_TASK DETAILS_. Lines of the data that contain the word "საქართველოში" are the ones to copy.
*** DATASET CONTENT ***
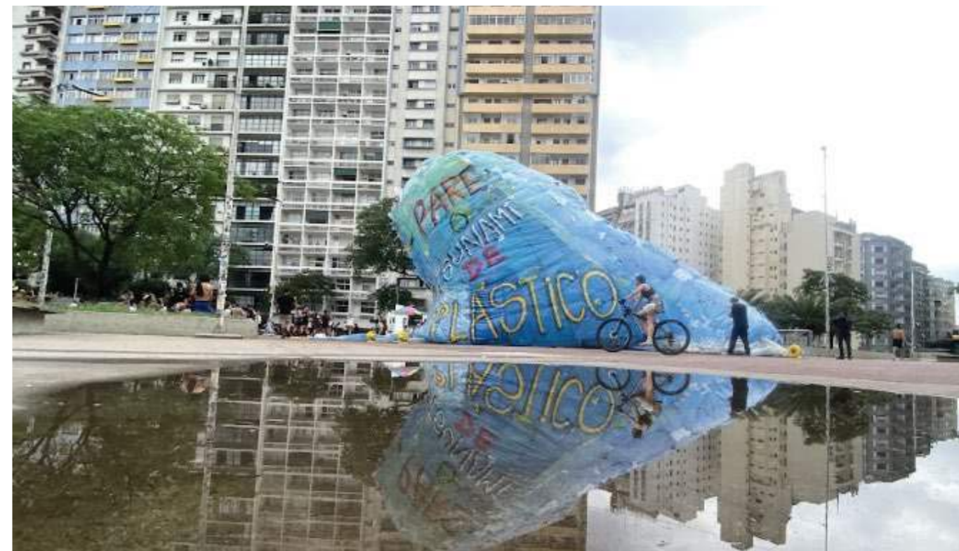
Tsunami inflável feito com mais de 1.100 sacolinhas plásticas em parceria com o Coletivo Flutua.
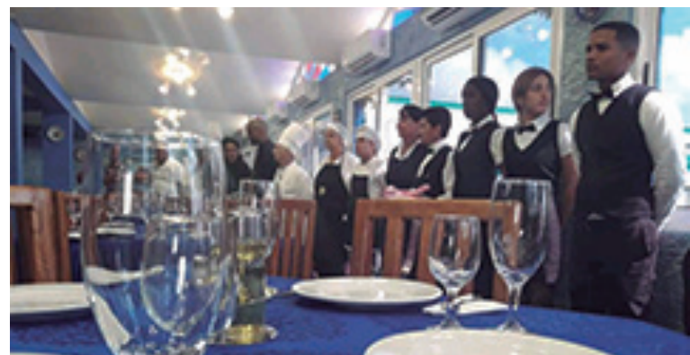
Parte del colectivo del Marlnit
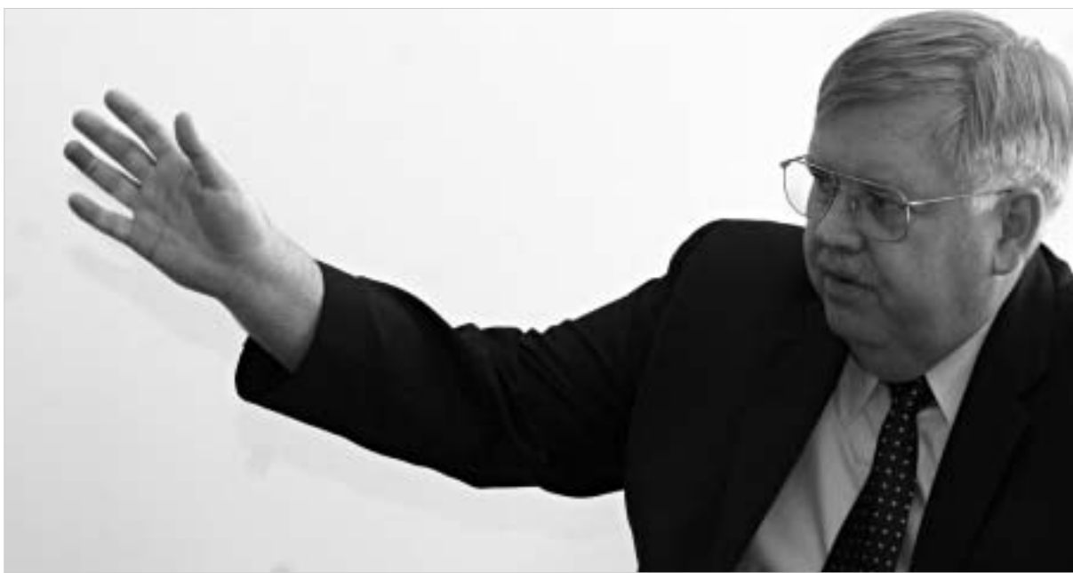
დემოკრატიის მშენებლობის სტრატეგია დოქტორი დევიდ სმეეტა. ის პროცესის საქართველოში დანერგვას იმედობს.

საქართველოში დემოკრატიული პროცესების ხელშეწყობა უკვე დაიხარჯა 640 000 დოლარი. ამ თანხას რამდენიმე არასამთავრობო ორგანიზაციამ გამოიყენა ადმინისტრირება. "ხალხი თაობა, ახალი ინიციატივა", დემოკრატიის და არჩევნების მხარდაჭერის ორგანიზაცია და "ადგილობრივი თვითმმართველობის ნაციონალური სახელმწიფო ასოციაცია".
***
_RESPONSE BOX_.
დემოკრატიის მშენებლობის სტრატეგია დოქტორი დევიდ სმეეტა. ის პროცესის საქართველოში დანერგვას იმედობს.
საქართველოში დემოკრატიული პროცესების ხელშეწყობა უკვე დაიხარჯა 640 000 დოლარი. ამ თანხას რამდენიმე არასამთავრობო ორგანიზაციამ გამოიყენა ადმინისტრირება. "ხალხი თაობა, ახალი ინიციატივა", დემოკრატიის და არჩევნების მხარდაჭერის ორგანიზაცია და "ადგილობრივი თვითმმართველობის ნაციონალური სახელმწიფო ასოციაცია".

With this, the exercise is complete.